JoyBoroAngel Report 7 Mar 2013 23:35

a bedroom under 70sq ft is classed as a box room so doesnt count :-D

maggiewinchester

maggiewinchester Report 7 Mar 2013 23:58

That's interesting, Joy.

I had an awful thought the other night.
When I was a single parent, my brother stayed with me for a while (essentially a non-paying lodger). Now, I'm a divorcee, and still use my married name.
The council noticed my brother was here, because, being honest, I started paying full council tax.
Although I was working, I still received benefits.
They tried to stop my benefits, because, I was apparently co-habiting!!
It took forever to get them to realise his surname was the same as my maiden name - even then, they tried to say it was coincidence.
There are just over 450 people in Britain with the same surname - an amazing coincidence!

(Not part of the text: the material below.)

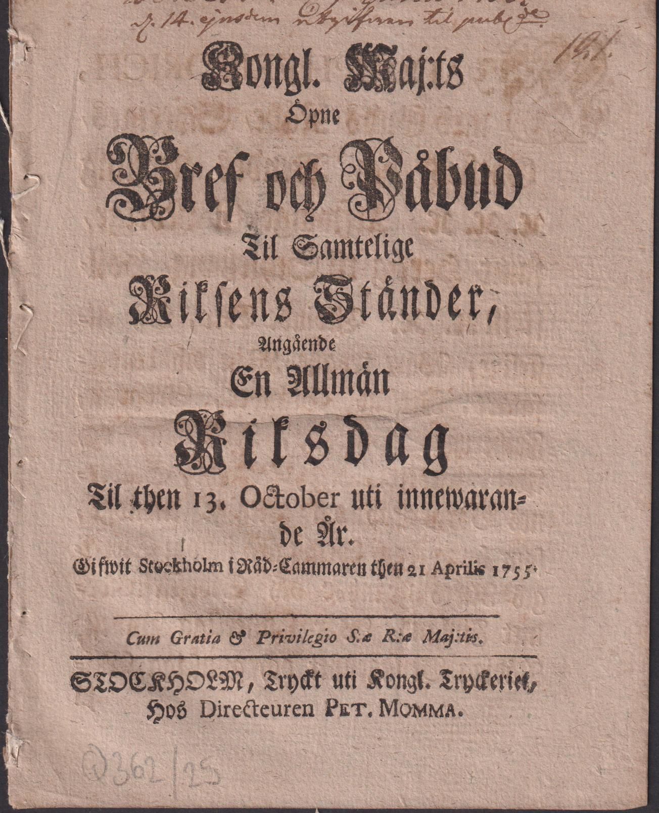 Kongl. maj:ts öpne bref och påbud til samtelige riksens ständer, angående en allmän riksdag til then 13. october uti innewarande år. Gifwit Stockholm i råd-cammaren then 21 aprilis 1755.

So, what happens when a single parent takes in a real lodger?
How will the benefits agency determine whether it is a real lodger, or they are co-habiting?
Very difficult now the government has considered it acceptable for older children of the opposite sex to share the same bedroom.

Kucinta

Kucinta Report 8 Mar 2013 01:22

Re minimum bedroom size:

"Standards are also set to ensure that dwellings are not overcrowded. For example, the minimum bedroom size for a child under 10 is 50sq feet (4.65m2), and for an adult it is 70 sq feet (6.51m2). The number of occupants is measured against the total number of habitable rooms in the dwelling (i.e. bedroom and living room) and account is taken of the size of these rooms."

"The Housing (overcrowding) Act 2003 Bill - states that a room can not be classed as a bedroom if it is less than 50 square feet [4.65m2].

If it is over 50 square feet but less than 70 square feet than it is suitable for a child under ten years old. It is over 70 square feet then it is deemed acceptable for anyone over 10 years of age."